On Tuesday, Harrell, solo, in near darkness, wriggled and vogued slowly through a Satie-meets-Sakamoto-like soundtrack. Slight, with a friendly manner, Harrell was all too willing to provide insight into his brand of minimalism, and his imaginary pairings of cultures and traditions (ancient Greece meets Manhattan dance culture).

"I always find it interesting to propose a collective reimagining of historical impossibilities so as to create new possibilities for the world we live in," says Harrell, a Yale University graduate who studied with, among other groups, the Martha Graham Dance Company. "I think voguing is probably not that different from what the ancient Greek theater was like.

"There are so many arguments about the ancient theater and how it was practiced, but my instincts tell me that there are major connections between it and voguing in terms of men playing female and male parts; the staging of movement; the competition aspect; and the unbridled fervor of the event, among other things."

So how does one vogue Antigone? Harrell says "the answer will take us back to something 'authentic' to the ancient Greek theater."

Harrell sees the generation before him as anti-spectacle - but Greek tragedy certainly wasn't. And its use of masks and choruses suggests a connection to voguing. "I wanted to get back to the foundations of Western drama," he says, "with voguing the essence of Greek tragedy. According to research on ancient Greek theater, those plays closely reflected rituals and attitudes, gender performativity, and the carnivalesque. In addition, Antigone gave me an opportunity to expand the dialogue with the spectator by opening myself to the theater audience and offering a vision no doubt closer to the original perspective."

Attending vogue and drag balls throughout the late '90s and early 2000s, Harrell found the dancing more postmodern than what he was seeing in theater. In 1999 he performed a solo show that combined voguing with postmodern dance.

"Voguing seemed to me very flamboyant and the opposite of minimalism, and I liked this opposition," Harrell says. Throughout his Antigone Sr., there are looks and poses directly related to the characters in the play, performed by himself and his all-male cast. His "Mother of the House," for example, relates to Queen Eurydice.

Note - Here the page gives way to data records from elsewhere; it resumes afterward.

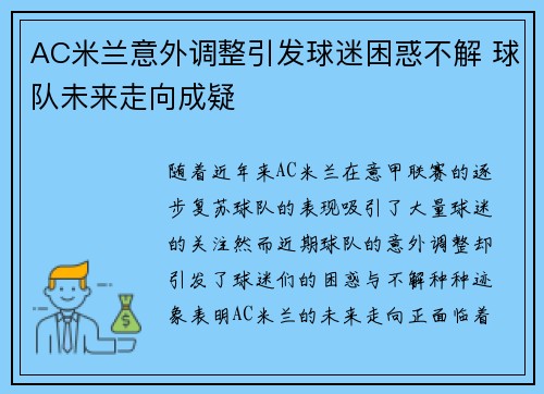 AC米兰意外调整引发球迷困惑不解 球队未来走向成疑
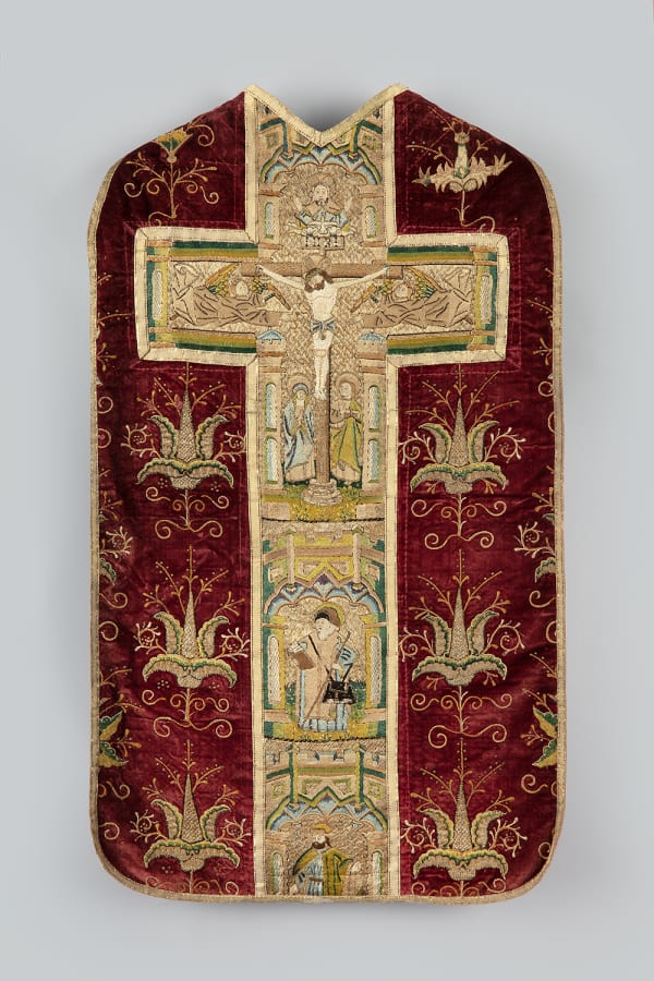 A red velvet chasuble with Opus Anglicanum embroideries showing the Crucifixion accompanied by saints
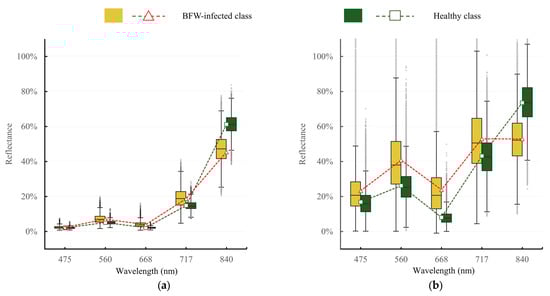 - BFW disease expressed obvious difference in red and NIR band, moderate difference in green band, and small difference in blue and RE band; the BFW-infected canopies had higher reflectance in the visible region, but lower reflectance in the NIR region. The VIs derived from the red, NIR, and green band showed significant difference between the BFW-infected class and the healthy class.
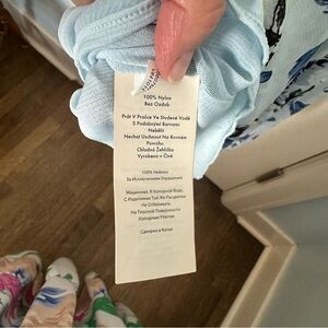 Elegant floral maxi dress with a blue and yellow pattern. Features a V-neck and short sleeves. Nylon with bodice and skirt lined. Sleeves are sheer flutter sleeves. Pastel blue with dark blue, yellow, black and white floral pattern. Smocked waist with elastic and a lot of stretch.

And then, with the cross-gender performances, there are elements of drag. When contemporary audiences see men performing as women, it is easy for some to think "drag," "camp," or "travesty," or to base their reactions on existing assumptions about sexual identity. But, as Harrell knows well, sexual identities in ancient Greece did not fall into our categories. "Therefore, perhaps [Greek performance] of mixing genders had its own codes and references. Can we imagine that there was 'Greek Theater realness,' where, like voguing, gender and class or social status were revealed as constructions of codes of fashion and movement?"

Trajal Harrell would like to think so.

THEATER

Trajal Harrell's Antigone Sr./Twenty Looks or Paris is Burning at the Judson Church (L)

7 p.m. Friday and Saturday at FringeArts, 140 N. Columbus Blvd.

Tickets: Adults, $29; students, $15.